There are two primary methods of in situ bitumen production. Cyclic Steam Stimulation (CSS), or the “huff-and-puff” method, was first used commercially in Alberta by Imperial Oil at Cold Lake in 1985. This technique involves the injection of steam into the formation for a period of time, followed by an extraction period in which the oil is pumped out. When the oil flow slows to a certain point, steam is once more injected. This cycle continues until the well is no longer economical. (One reader wrote to point out that CSS was behind this environmental mess where oil came bubbling up through the ground in Alberta).

The other in situ method is called steam assisted gravity drainage (SAGD), and it was enabled by the same horizontal drilling improvements that enabled the hydraulic fracturing revolution. SAGD was first commercialized in 2001 by Cenovus at Foster Creek, and its commercial application was the single biggest reason that Canada’s oil reserves more than quadrupled in the past 20 years. Once a technique makes it both technically viable and economical to produce a resource, it can be placed in the reserves category. Again, this is a similar situation to fracking, where resources in places like the Bakken and Eagle Ford became reserves when fracking made them economical to produce.
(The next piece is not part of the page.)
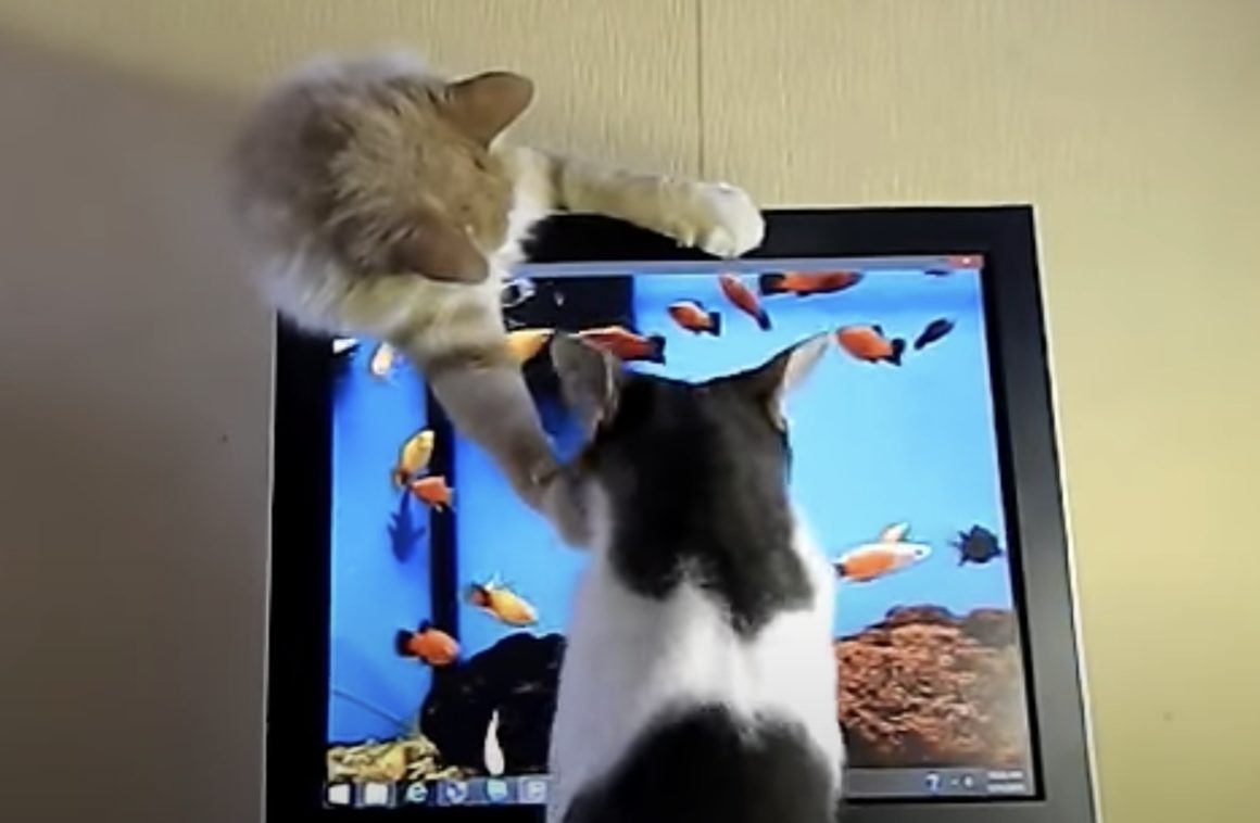 画面をひっかきたい猫VS止めたい猫。可愛すぎる攻防戦開始!

SAGD involves drilling a pair of horizontal wells, one about 5 meters above the other. Steam is injected into the upper well for months to heat up the bitumen. I learned from Cenovus that its initial projects required the company to inject steam for 18 months before producing oil, but as the engineers progressed up the learning curve the timing has been reduced to three months of steam injection prior to production. Steam injection continues throughout the life of the well, until the well begins to deplete. At that time steam injection ceases, but the wells continue to produce for a little while in this final phase of production. Once the wells start to produce, they have tended to produce almost without depletion for 10 years (a situation very unlike fracking, where wells initially deplete rapidly). The water that condensed when the steam was injected is also returned, separated from the oil, and reused in the process.

The horizontal wells can be drilled for miles in many directions from a single well pad, and as a result a large land area can be accessed without a huge environmental impact on the surface. A well pad such as the one I visited below can produce nearly 20,000 bpd of bitumen for 10 years before depletion begins to curtail production.

Cenovus Well Pad
Cenovus SAGD well pad with nine well pairs. Source: Cenovus.

The advantage of SAGD versus surface mining is that the environmental impact is much smaller. The disadvantage is that the recovery rate from SAGD is much lower than for surface mining, with recovery factors for the oil in the range of 60-70 percent.

There are certainly environmental issues as documented in my previous two articles, but based on what I saw on my trip oil sands production growth is poised to remain high unless oil prices collapse. SAGD will lead the way, but production via surface mining is also expected to remain strong for the next two decades.

In next week’s article I will take a more in-depth look at the two companies that I visited on this trip — Cenovus Energy and Canadian Natural Resources Limited — and delve into their production costs and energy balance of their process. Following that, I will examine the logistical issues of getting the oil sands to market, including the impact of the Keystone XL decision (regardless of which way it goes).

Link to Original Article: How Alberta’s Oil Sands are Produced

By Robert Rapier. You can find me on Twitter, LinkedIn, or Facebook.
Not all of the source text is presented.